China has wielded its chokehold on the processing of many minerals as geo-economic leverage, at times curbing exports, suppressing prices and undercutting other countries' ability to diversify sources of the materials used to make semiconductors, electric vehicles and advanced weapons.
"We want to eliminate that problem of people flooding into our markets with cheap critical minerals to undercut our domestic manufacturers," Vance told a gathering of visiting ministers in Washington without mentioning China.
"We will establish reference prices for critical minerals at each stage of production, ... and for members of the preferential zone, these reference prices will operate as a floor maintained through adjustable tariffs to uphold pricing integrity," Vance said.
U.S. President Donald Trump's administration has stepped up efforts to secure American supplies of critical minerals after China rattled senior officials and global markets last year by withholding rare earths required by American automakers and other industrial manufacturers.
Trump on Monday launched a U.S. strategic stockpile of critical minerals, called Project Vault, backed by $10 billion in seed funding from the U.S. Export-Import Bank and $2 billion in private funding.
U.S. Secretary of State Marco Rubio said 55 countries attended the talks in Washington, among them South Korea, India, Thailand, Japan, Germany, Australia, and the Democratic Republic of Congo, all with varying refining or mining capabilities.
The minerals are "heavily concentrated in the hands of one country," Rubio said, without referencing China, adding that the situation had become a "tool of leverage in geopolitics."
At the meeting, U.S. Trade Representative Jamieson Greer announced a bilateral plan with Mexico and a trilateral agreement with the European Union and Japan to strengthen critical mineral supply chains and set the stage for a broader agreement with other allies.
The plans aim to explore specific measures such as price supports, market standards, subsidies, and guaranteed purchases to encourage production.
The U.S., EU, and Japan also said they would pursue other avenues, including discussions within the G-7 and the Minerals Security Partnership.
Argentina's foreign ministry separately announced it had agreed on a framework agreement with the U.S. to strengthen and diversify supply chains as the South American nation looks to boost its copper and lithium exports.
A multi-country effort to establish price floors of critical minerals is the Trump administration's latest move to exert control over private business. The White House has taken stakes in several mineral companies as well as chipmaker Intel and has negotiated deals with drugmakers for lower prices.

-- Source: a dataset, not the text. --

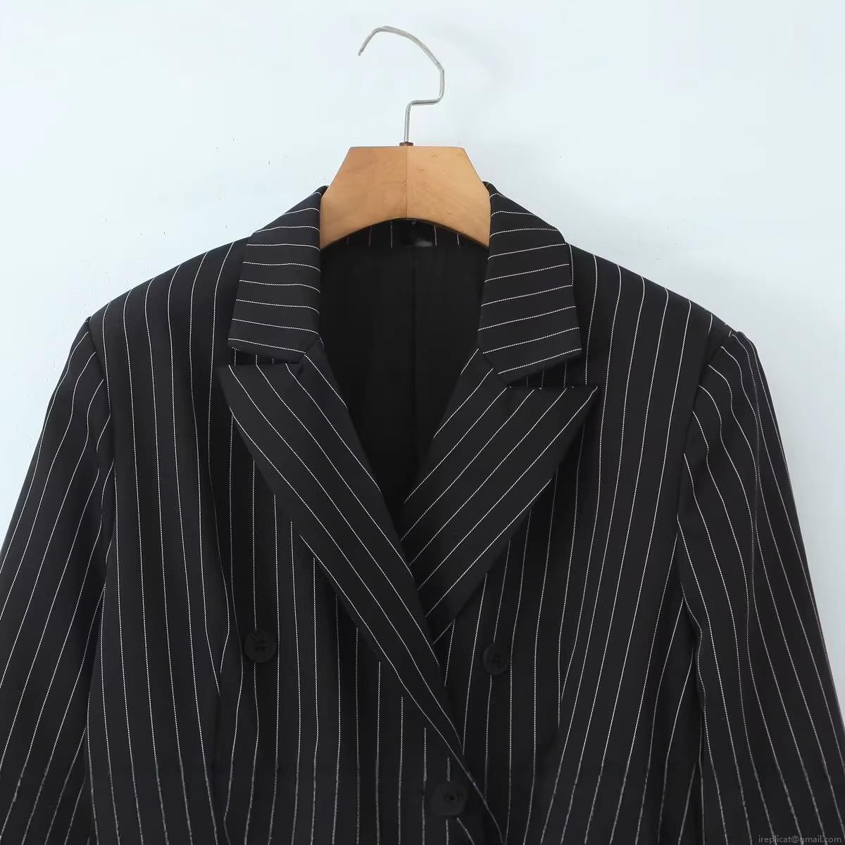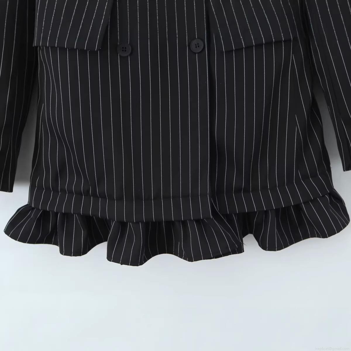 • Women's Vertical Stripe Blazer Jacket Ruffle Hem Double Breasted Peaked Lapel Long Sleeve Polyester Coat For Office Lady Workwear Daily Casual Fashion

Shares of mineral companies plunged on news of the trade bloc. MP Materials, Critical Metals, NioCorp Developments, and USA Rare Earth posted losses ranging from 6% to 14%.
By guaranteeing minimum prices through coordinated trade rules, Washington hopes to unlock private investment in mining and processing projects that have struggled to compete with cheaper Chinese supply.

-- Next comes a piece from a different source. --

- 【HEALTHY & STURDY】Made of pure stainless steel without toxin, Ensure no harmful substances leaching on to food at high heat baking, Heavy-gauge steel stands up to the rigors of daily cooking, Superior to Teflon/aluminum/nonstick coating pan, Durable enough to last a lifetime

Administration officials recently told the industry the U.S. is moving away from granting price floors to individual domestic projects as it seeks a global solution.

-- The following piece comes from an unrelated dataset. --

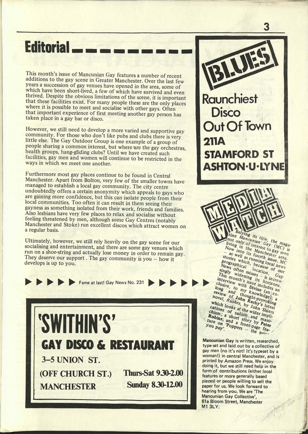 Advert from Swithin's Gay Disco and Restaurant 1982, taken from The Mancunian Gay magazine.

The approach could reshape global supply chains for materials essential to electric vehicles, semiconductors and defense systems, while raising costs for manufacturers in the short term and escalating trade tensions with Beijing.
"China has long played an important and constructive role in keeping the global industrial and supply chains of critical minerals safe and stable and is willing to continue to make active efforts in this regard," China's embassy in Washington told Reuters when asked about the meeting.
China's expanded export controls on rare earths last year caused production delays and shutdowns for auto manufacturers in Europe and the U.S., and a China-generated glut of lithium has stalled plans to expand production in the U.S.
Such dependencies have unnerved Washington and its partners, which have struggled for years to implement policies to stand up durable domestic mining and processing alternatives for lithium, nickel, rare earths and other critical minerals.
Trump, who is expected to visit China in April, posted on Truth Social that he had an "excellent" call with Chinese President Xi Jinping on Wednesday morning to discuss a range of trade and security issues from soybeans to Iran, but he made no mention of minerals.
China's leverage over critical minerals was on full display in October when Trump agreed to trim tariffs on Chinese goods in exchange for Beijing's pledge to hold off on stricter restrictions on rare earths exports.
Wednesday's gathering underscores a broader U.S. push to work with partners to counter China's dominance in the sector by coordinating policy tools at a time when Trump has angered allies with his sweeping "America First" tariff policies.
"I think this is a recognition by the United States that it must act in concert with others to reduce its vulnerability in areas where China has supply dominance," said Scott Kennedy, who leads the Chinese business and economics program at the Center for Strategic and International Studies in Washington.
Interior Secretary Doug Burgum said on Tuesday that 11 more countries would be named to a critical minerals trade club this week, joining the U.S., Australia, Japan, South Korea, Saudi Arabia and Thailand. He said 20 more countries showed "strong interest" in joining the coalition.